Problem to solve
Your answer should hold the data exactly as given, minus any picture.

---------------

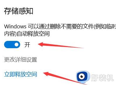 我们可以打开存储感知,因为它可能是处于关闭的一个状态,我们可以把它开启完成以后点击右侧这个小三角,在这里的话有一个非常实用的功能,它就可以清理自动的清理一些临时文件,我们点击勾选,勾选完成以后,它会包括一个自动用户内容的清除,我们把它打开,比如说每天清除一次,建议大家可以选择每天清除一次,这样的话能保证我们电脑流畅运行。
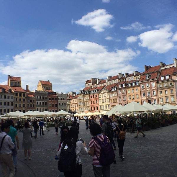 伴着波兰湛蓝的天空走进充满...美丽而充满生机的古城广场,无疑是华沙市区内最为色彩斑斓,最令人难以忘怀的迷人景致。在这座面积不算太大的广场内,却汇集了无数宏伟的教堂,精美的楼宇,以及众多令人难忘的建筑。
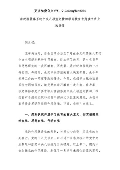 【七哥公文】2025年:在纪检监察系统中央八项规定精神学习教育专题读书班上的讲话+更多免费公文+VX:QiGeGongWen2024+更多免费公文+VX:QiGeGongWen2024
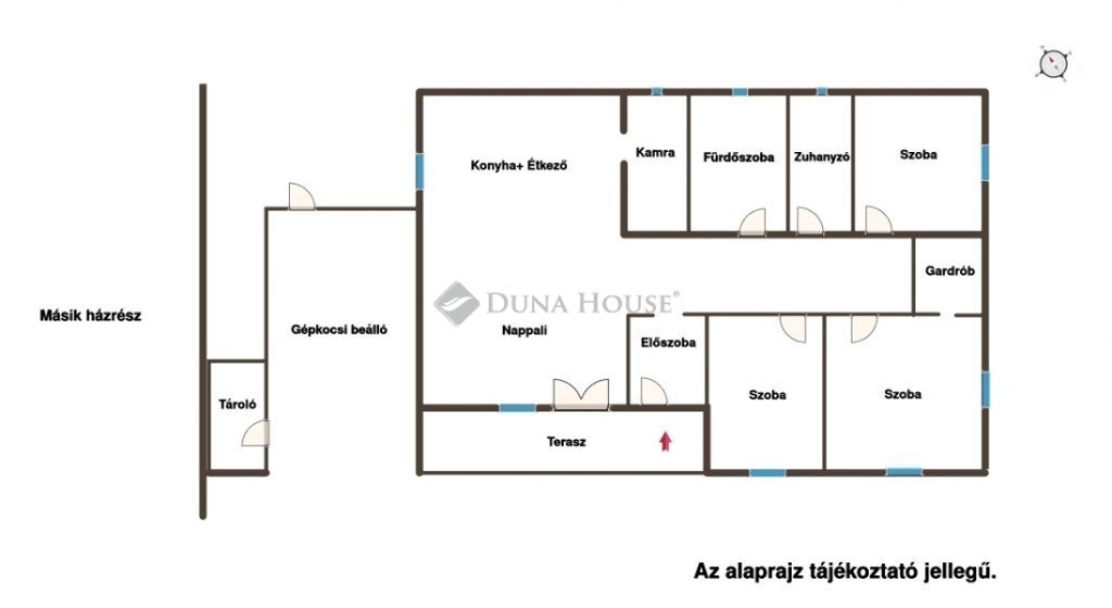 Belső elrendezés: előtérből, amerikai konyhás nappaliból, három szobából, fürdőszobából, háztartási helyiségből és egy gardrób szobából áll.. A hozzá tartozó terasz 21,44.m². Az ingatlanhoz ezen felül tartozik még egy fedett gépkocsibeálló és egy kerti tároló is.
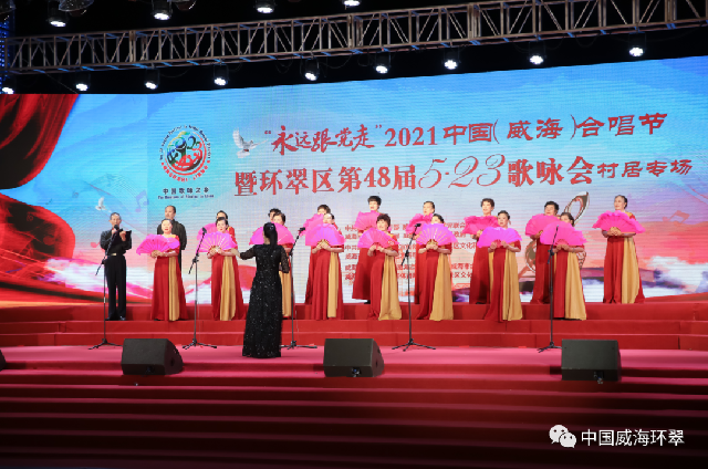 5月25日晚,威海市群众艺术馆海洋剧场内歌声嘹亮,“永远跟党走”2021年中国(威海)合唱节暨环翠区第48届5·23歌咏会在此举办。来自环翠区、高新区、市老年大学、老干部活动中心等老干部合唱团的《歌唱祖国》《灯火里的中国》《歌唱中国共产党》等红色歌曲,将整场晚会推向高潮。
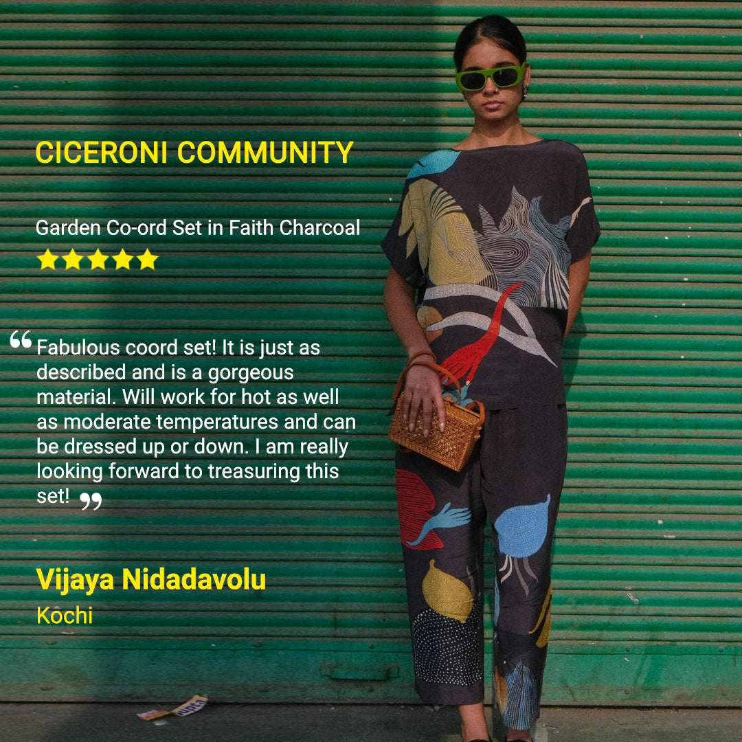 Ciceroni is an online multi-designer platform spotlighting 100+ emerging designers of India in affordable luxury segment. Established in 2016, we bring you eclectic and edgy styles suited for everyday life and occasion wear both for women, men and kids. In a world that is cluttered with choices, Ciceroni brings you a meticulously curated list of designers that are design-led and handcrafted with weaves and crafts of India. Every designer at Ciceroni pays attention to textiles and brings forth contemporary styles that are hand-embroidered, hand-painted and or upcycled. We believe that fashion and style are an expression of one’s personal belief system in these modern times.

---------------

Exercise answer
 我们可以打开存储感知,因为它可能是处于关闭的一个状态,我们可以把它开启完成以后点击右侧这个小三角,在这里的话有一个非常实用的功能,它就可以清理自动的清理一些临时文件,我们点击勾选,勾选完成以后,它会包括一个自动用户内容的清除,我们把它打开,比如说每天清除一次,建议大家可以选择每天清除一次,这样的话能保证我们电脑流畅运行。
 伴着波兰湛蓝的天空走进充满...美丽而充满生机的古城广场,无疑是华沙市区内最为色彩斑斓,最令人难以忘怀的迷人景致。在这座面积不算太大的广场内,却汇集了无数宏伟的教堂,精美的楼宇,以及众多令人难忘的建筑。
 【七哥公文】2025年:在纪检监察系统中央八项规定精神学习教育专题读书班上的讲话+更多免费公文+VX:QiGeGongWen2024+更多免费公文+VX:QiGeGongWen2024
 Belső elrendezés: előtérből, amerikai konyhás nappaliból, három szobából, fürdőszobából, háztartási helyiségből és egy gardrób szobából áll.. A hozzá tartozó terasz 21,44.m². Az ingatlanhoz ezen felül tartozik még egy fedett gépkocsibeálló és egy kerti tároló is.
 5月25日晚,威海市群众艺术馆海洋剧场内歌声嘹亮,“永远跟党走”2021年中国(威海)合唱节暨环翠区第48届5·23歌咏会在此举办。来自环翠区、高新区、市老年大学、老干部活动中心等老干部合唱团的《歌唱祖国》《灯火里的中国》《歌唱中国共产党》等红色歌曲,将整场晚会推向高潮。
 Ciceroni is an online multi-designer platform spotlighting 100+ emerging designers of India in affordable luxury segment. Established in 2016, we bring you eclectic and edgy styles suited for everyday life and occasion wear both for women, men and kids. In a world that is cluttered with choices, Ciceroni brings you a meticulously curated list of designers that are design-led and handcrafted with weaves and crafts of India. Every designer at Ciceroni pays attention to textiles and brings forth contemporary styles that are hand-embroidered, hand-painted and or upcycled. We believe that fashion and style are an expression of one’s personal belief system in these modern times.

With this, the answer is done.